I was able to determine the complex eigenvalue roots:

$det(A-\lambda I)=0$

$det\begin{bmatrix}1-\lambda & 1\\1 & -1-\lambda\end{bmatrix} =0$

$(1-\lambda)(-1-\lambda)-1 =0$

$\lambda^2 - 2 = 0$

$\lambda_1 = \sqrt2 i$

$\lambda_2 = -\sqrt2 i$

Now I need to find the eigenvectors for diagonalization. However, I get stuck here: there does not seem to be a solution for the system.

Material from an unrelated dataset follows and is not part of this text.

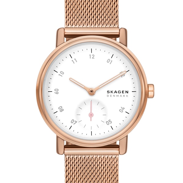 32mm径ケースに二針サブセコンドムーブメントを搭載した、KUPPEL LILLE。ホワイトのサンドブラストダイヤルに、ローズゴールドトーンのステンレススチールメッシュストラップを組み合わせました。ウォッチストラップは付け替え可能です。

$For \lambda_1 = \sqrt2 i : $

$(A-\lambda_1 I)K_1 = 0$

$ \begin{bmatrix}1-\sqrt2 i & 1\\1 & -1-\sqrt2 i\end{bmatrix}$ $\begin{bmatrix} k_1 \\ k_2 \end{bmatrix} =0$

$ \begin{bmatrix}(1-\sqrt2 i)k_1 + k_2\\k_1 + (-1-\sqrt2 i)k_2\end{bmatrix} = 0$

This is where I get stuck. When I attempt to assign values for $k_1$ and $k_2$ to satisfy one of the equations (an example: $k_1 = -(-1-\sqrt2 i)$ and $k_2 = 1$), I end up with $4=0$ for the other equation, which is clearly wrong. This is the first time I ever struggle with finding an eigenvector of $k_1$ and $k_2$ for a system, and I'm wondering if it even has a solution at all.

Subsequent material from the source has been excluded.